The data acquisition module acquires fault current information of the active power distribution network through intelligent feeder terminal equipment of the power distribution network, wherein the fault current information comprises current information flowing through each node (sectional switch) in the power distribution network.
The model building module is mainly used for obtaining an evaluation function of the active distribution network in a fault state according to the obtained fault current information of the active distribution network, and the specific operation of the model building module is consistent with the step A in the embodiment 1.
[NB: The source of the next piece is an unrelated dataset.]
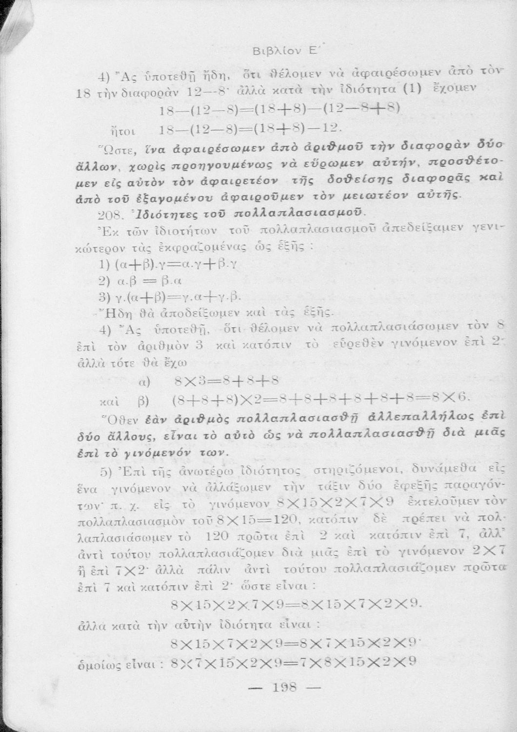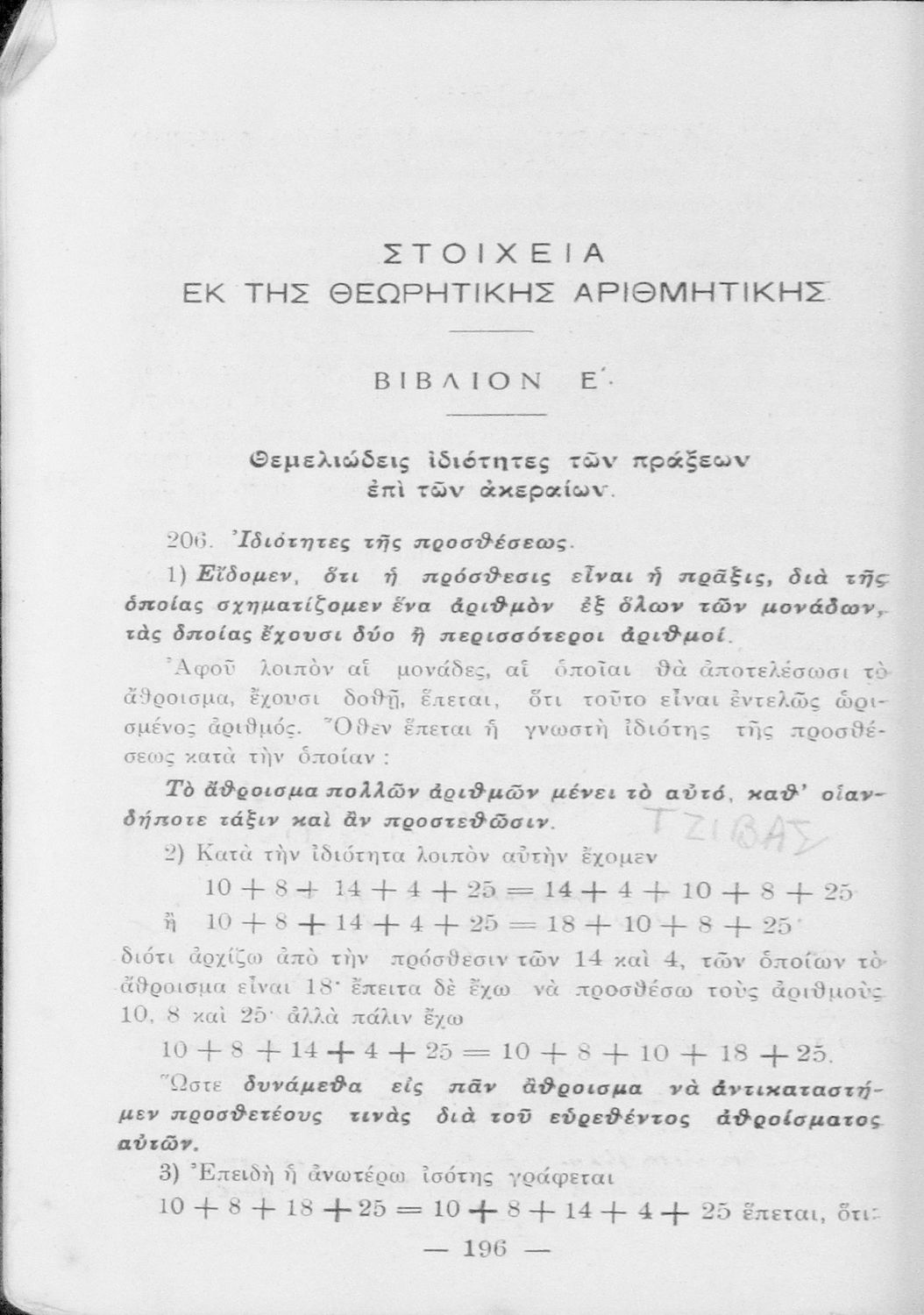 LDR 01449 2200217 4500 035 ## _a01-19728 040 ## _aΙνστιτούτο Εκπαιδευτικής Πολιτικής 041 ## _ael 100 ## _aΙω. Ν. Χατζιδάκις _aΧρ. Α. Μπαρμπαστάθης 110 ## _a19728 245 0# _aΑριθμητική δια την Α΄, Β΄, Γ΄ τάξιν των Εξαταξίων Γυμνασίων 250 ## _a3η Έκδοση 260 ## _aΑθήνα _bΙωάννης Δ. Κολλάρος _c1935 300 ## _a207 _c19 520 ## _aΣχολικό εγχειρίδιο Αριθμητικής για τις Α΄, Β΄ και Γ΄ τάξεις των Εξαταξίων Γυμνασίων που εστιάζει τις αριθμητικές πράξεις, τα κλάσματα, τους δεκαδικούς αριθμούς και είναι χωρισμένο σε θεωρία και ασκήσεις. Περιλαμβάνει και στοιχεία Θεωρητικής Αριθμητικής. 521 ## _aΑ' Γυμνασίου / Β' Γυμνασίου / Γ' Γυμνασίου 522 ## _aΕλλάδα 546 ## _aΔημοτική 563 ## _aΣκληρό Εξώφυλλο 583 ## _a41062/31-7-1933 _c1935 650 #4 _aΑριθμητικές πράξεις _aΔεκαδικοί αριθμοί _aΙδιότητες των ακεραίων αριθμών _aΠρώτοι αριθμοί _aΣυμμιγείς αριθμοί

The fault positioning module is mainly used for updating the speed and the position of particles through an improved particle swarm optimization algorithm, and performing fault positioning on the power distribution network with the source to obtain a fault section of the power distribution network with the source. In the improved particle swarm optimization algorithm, the evaluation function is used as an adaptability function of the improved particle swarm optimization algorithm, and a candidate solution of a fault section of the source-containing power distribution network is used as particles; the speed and position of the particles are updated using adaptive inertial weights. The fault positioning module is also used for restraining the output result of the improved particle swarm optimization algorithm through preset power distribution network stable operation constraint conditions.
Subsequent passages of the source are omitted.